17 Then Jeroboam’s wife got up and left and went to Tirzah. As soon as she stepped over the threshold of the house, the boy died. 18 They buried him, and all Israel mourned for him, as the Lord had said through his servant the prophet Ahijah. 


  Shemaiah the Prophet Confronts Rehoboam and he and the leaders of Israel humble themselves before God and their lives are spared – though they still suffer judgment

2 Chronicles 12:5–9 
5 Then the prophet Shemaiah came to Rehoboam and to the leaders of Judah who had assembled in Jerusalem for fear of Shishak, and he said to them, “This is what the Lord says, ‘You have abandoned me; therefore, I now abandon you to Shishak.’ ” 
6 The leaders of Israel and the king humbled themselves and said, “The Lord is just.” 
7 When the Lord saw that they humbled themselves, this word of the Lord came to Shemaiah: “Since they have humbled themselves, I will not destroy them but will soon give them deliverance.
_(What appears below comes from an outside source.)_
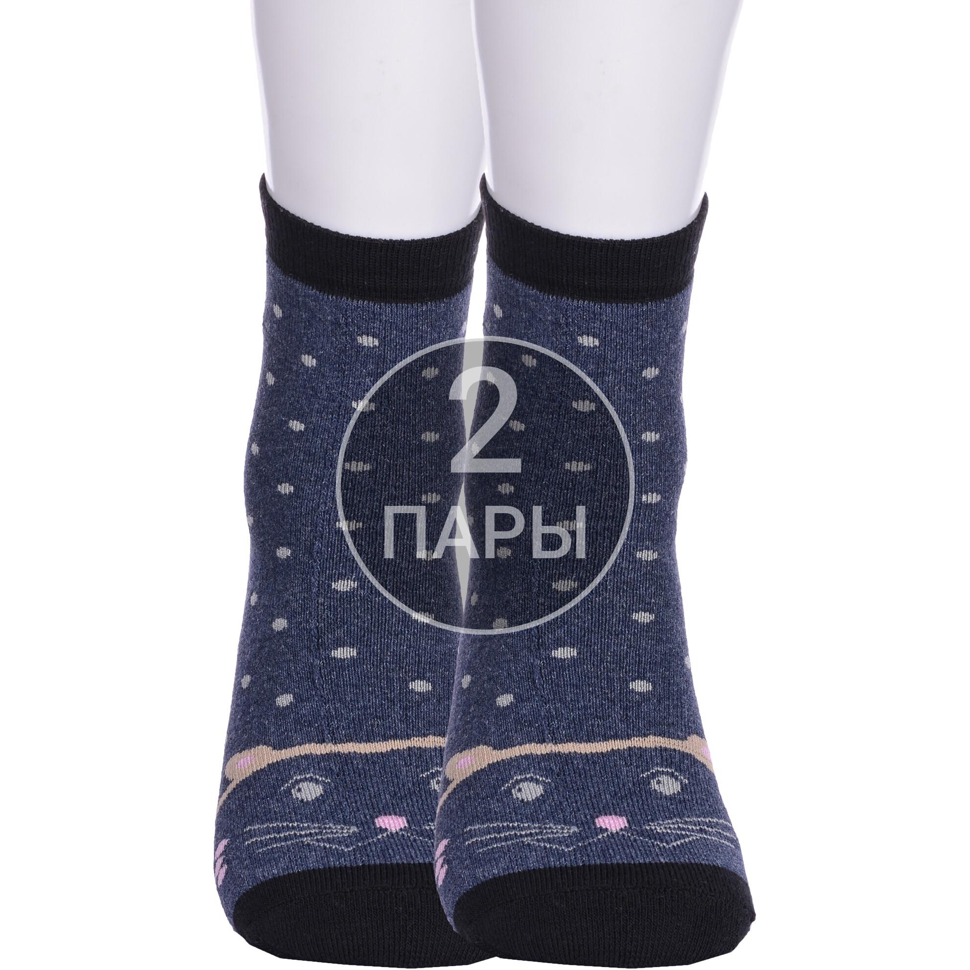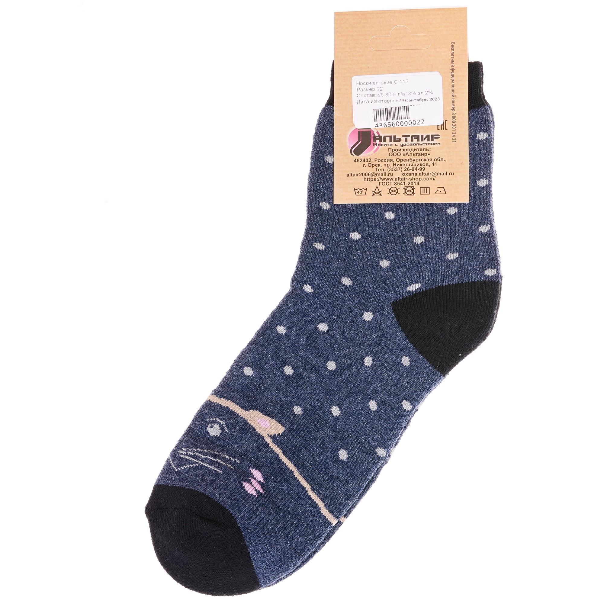 Комплект детских носков из 2 пар, межсезонные или зимние, укороченные, цвет джинсовый, теплые, махровые, с принтом, состав: 80% хлопок, 18% полиамид, 2% эластан, арт. 2-С112. Производитель «ООО Альтаир, г. Орск, Оренбургская обл, Россия» под брендом «Альтаир».
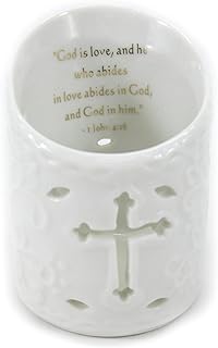 聖なる夜に 陶器製 十字架から見える 灯りが ステキな キャンドルホルダー

My wrath will not be poured out on Jerusalem through Shishak. 8 They will, however, become subject to him, so that they may learn the difference between serving me and serving the kings of other lands.” 
9 When Shishak king of Egypt attacked Jerusalem, he carried off the treasures of the temple of the Lord and the treasures of the royal palace. He took everything, including the gold shields Solomon had made. 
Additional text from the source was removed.